Case Study Walkthrough

Given strip (10 s): 17 QRS complexes → $17\times6 = 102\,\text{b·min}^{-1}$ (mild tachycardia).

Rhythm: irregularly irregular with no pattern; absent P waves.

Axis: leads I & II positive ⇒ normal.

Intervals/morphology: QRS narrow, ST/T normal.

Synthesis: Atrial fibrillation with ventricular rate ≈102 bpm.
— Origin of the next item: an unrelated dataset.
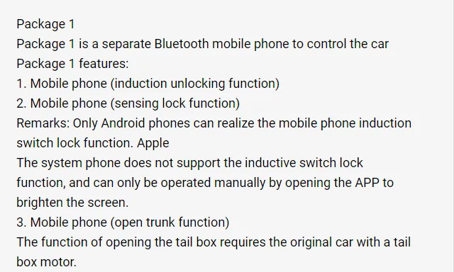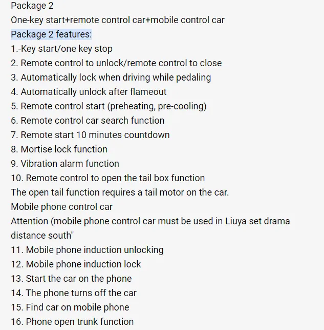 Specifications: (Single mobile phone control car) package 1, (one-key start + remote control car + mobile phone control car) package 2

Practical, Ethical & Exam Tips

• Always correlate ECG findings with clinical presentation—never treat the tracing in isolation.
• An incorrect ECG label can lead to treatment of the wrong patient; verify identity before acting.
• In exams, vocalise the structured steps; it earns “method” marks even if final diagnosis is wrong.
• For ABG, CXR, echo, and serial ECG correlation, consider timeline of MI evolution (hyperacute T → ST elevation → Q wave formation).
• Recognise normal variants (early repolarization, athlete’s heart) to avoid over-diagnosis.

Quick Reference Formulae

$\text{HR} = \frac{300}{\text{No. large squares}}$ (regular)
$\text{HR} = (\text{No. QRS in 10 s}) \times 6$ (irregular)

PR normal: $120\text{–}200\,\text{ms}$
QRS normal: <120\,\text{ms}
QT normal (rough rule): QT_c < 440\,\text{ms (male)}, <460\,\text{ms (female)} (Bazett-corrected).